Un ELISA o ensayo inmunoabsorbente ligado a enzimas , es una técnica de laboratorio bioquímico realizado para detectar un antígeno (como una proteína) o anticuerpo en una muestra experimental . El ensayo se aprovecha de unión del anticuerpo - antígeno y se puede utilizar para ensayo de otros mecanismos celulares y moleculares de unión también. En un ensayo de ELISA a base de proteínas , un " capturar " anticuerpo o proteína se establecerán en un plato de ensayo y se permite que se adhieran al plato , después de lo cual la " sonda " agente (como proteínas de uno de los intereses) se establece y se incubó con el agente de captura . Después de varios lavados , una " detección " anticuerpo se añade con el fin de visualizar la presencia o ausencia de anticuerpo - antígeno o proteína - proteína de unión . Cosas que necesitará
plato de ensayo (por ejemplo, el bloque de 96 pocillos)
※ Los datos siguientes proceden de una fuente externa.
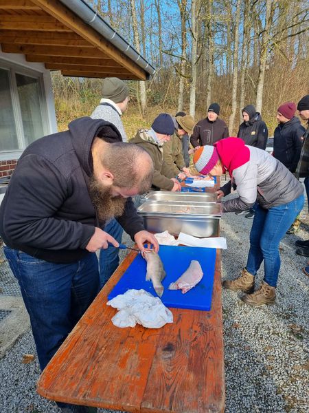 Am 22.11.2025 fand beim Gaildorfer Fischereiverein ein Fischverwertungskurs vom LFVBW statt. Vlado Pajurin vom LFVBW und Markus Frank vom Fischereiverein Gaildorf e.V. luden zur Teilnahme am Vereinsheim in Gaildorf ein. Zahlreiche Teilnehmer bereiteten zusammen mit dem ersten Vorsitzenden des Fischereiverein Gaildorf e.V. verschiedene Spezialitäten zu.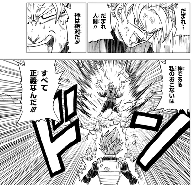 Vegeta once again takes on Goku Black, this time starting off in a weaker Super Saiyan God state. Goku Black mocks Vegeta at first, but finds himself being driven back as Vegeta strategically transforms into Super Saiyan God Super Saiyan only in bursts just as he attacks.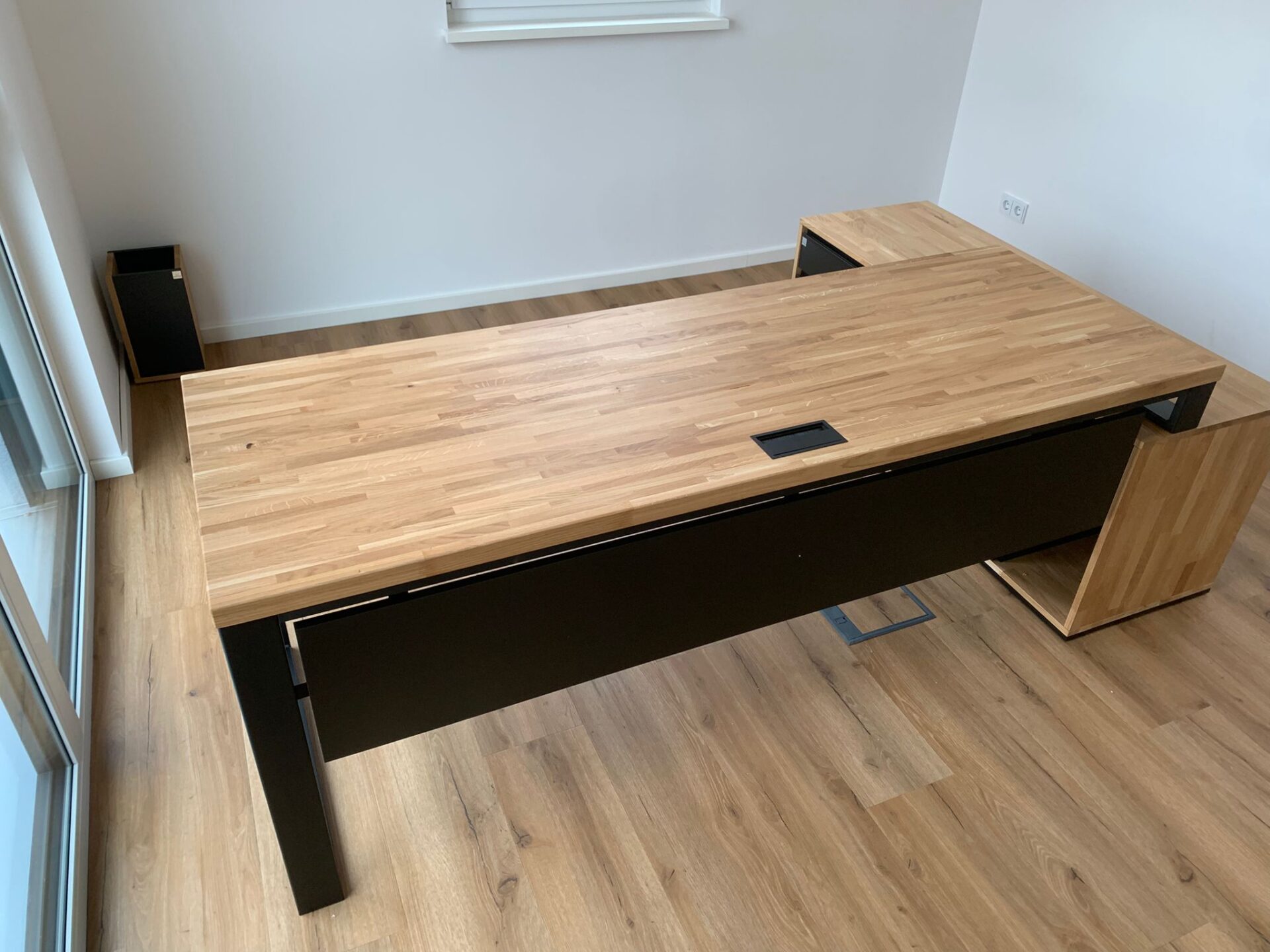 7. versatility – The pedestal relative to the desk can be rotated and even converted from a right-hand desk to a left-hand desk. This makes it easy to adapt the desk to the shape of the room. The pedestal can also be used as a printer cabinet

captura de anticuerpos (diluido a 5 ug /ml en mM NaHCO2 50 , pH 9,6 )
sonda anticuerpo /proteína ( diluyeron a varios concentraciones )
anticuerpo de detección ( por ejemplo , rábano anticuerpo acoplado a peroxidasa )
tampón PT ( PBS 1x , 0,05 por ciento de Tween - 20 )
tampón de bloqueo ( 1x PBS con 5 mg /ml de BSA , o 5 por ciento leche descremada en 1x PBS)
reactivo de detección (es decir, mezcla de reactivo TMB)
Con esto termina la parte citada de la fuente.